This is not speculation. CSIS Assistant Director Paul Lynd and colleagues explicitly ranked China's activities higher for eroding Canadian sovereignty through economic means, control over processing chains, deceptive joint ventures, and influence in emerging northern markets, while Russia focuses on conventional posture stretched by other commitments.
Carney's government announced a $35 billion Arctic defence and infrastructure package on March 12, 2026, including three new bases, airfield upgrades, and operational nodes, plus NATO cooperation with Norway. That addresses military gaps and reduces reliance on allies, which is overdue.
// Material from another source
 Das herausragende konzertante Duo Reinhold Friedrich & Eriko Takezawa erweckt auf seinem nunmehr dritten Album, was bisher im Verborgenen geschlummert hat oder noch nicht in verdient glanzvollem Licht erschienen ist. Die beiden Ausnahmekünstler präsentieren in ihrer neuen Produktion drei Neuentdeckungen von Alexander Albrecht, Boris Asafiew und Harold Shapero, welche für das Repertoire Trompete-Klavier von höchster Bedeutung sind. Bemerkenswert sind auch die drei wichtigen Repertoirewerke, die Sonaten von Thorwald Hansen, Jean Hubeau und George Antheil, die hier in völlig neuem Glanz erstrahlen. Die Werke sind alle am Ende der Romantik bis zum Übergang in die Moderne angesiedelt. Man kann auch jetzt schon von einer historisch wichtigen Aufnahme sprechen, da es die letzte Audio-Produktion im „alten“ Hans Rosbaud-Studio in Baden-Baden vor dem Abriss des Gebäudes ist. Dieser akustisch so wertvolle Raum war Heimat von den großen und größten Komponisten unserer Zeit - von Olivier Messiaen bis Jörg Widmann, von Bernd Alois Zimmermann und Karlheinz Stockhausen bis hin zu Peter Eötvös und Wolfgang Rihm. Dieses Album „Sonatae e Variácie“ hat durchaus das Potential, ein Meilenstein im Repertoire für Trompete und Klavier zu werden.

Yet the same administration signed a strategic partnership with China in January 2026 that included slashing EV tariffs to 6.1 percent for up to 49,000 Chinese imports and opened doors to energy and agri-food investments, precisely the sectors CSIS flags as vectors for influence.
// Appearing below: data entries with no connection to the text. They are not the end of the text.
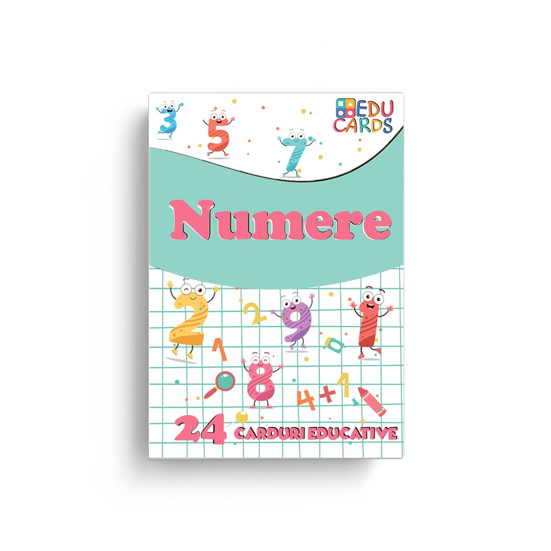 Setul de cartonașe educative are scopul de a familiariza copiii cu lumea numerelor ușor și atractiv. Setul conține numerele de la 0 la 20 și semnele ”+”, ”-”, ”=”.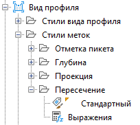 В объектах пересечений используются стили меток пересечений на виде профиля.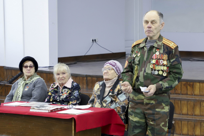 На встречу с учащимися Суворовского училища пригласили бывших узников фашистских концлагерей – Людмилу Божонку, Екатерину Малюту, Владимира Головашова и председателя Общества бывших узников фашизма Тирасполя Татьяну Поято.

Campaign statements in 2025 correctly identified China as Canada's top emerging security and interference threat. Actions since then, partnership deals, tariff resets, and historical Brookfield-linked engagements, have softened that line. China remains the backbone of the CRINK axis, supplying dual-use technology and sanctions-evasion pathways that sustain Russia, Iran, and North Korea. Downplaying economic infiltration in the Arctic while Russia draws headlines creates a policy mismatch that leaves northern communities and resource claims exposed.
The data is clear: over $117 billion in critical minerals projects sit stalled nationwide under current regulatory timelines, many in the North. Fast-track approvals capped at 24-36 months with parliamentary national-interest overrides are required to assert Canadian control, generate jobs, and counter China's dominance in downstream processing. Pair that with full elimination of interprovincial trade barriers, costing $210 billion in annual GDP per IMF modelling, and we unlock domestic energy, LNG, pipelines, and mining that deliver sovereignty through strength at home rather than selective rhetoric.
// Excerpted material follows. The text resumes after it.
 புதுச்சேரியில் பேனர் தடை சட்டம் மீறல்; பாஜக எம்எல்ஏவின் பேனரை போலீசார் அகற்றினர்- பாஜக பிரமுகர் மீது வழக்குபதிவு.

NORAD modernization and NATO spending targets matter. Precision military posture matters. But measurable outcomes, lower energy costs, Canadian-owned northern infrastructure, screened foreign investment, and productivity closing the gap with the United States, matter more. Citizens deserve policies judged by verifiable results on sovereignty and affordability, not framing that ignores CSIS evidence or hedges against the primary long-term actor.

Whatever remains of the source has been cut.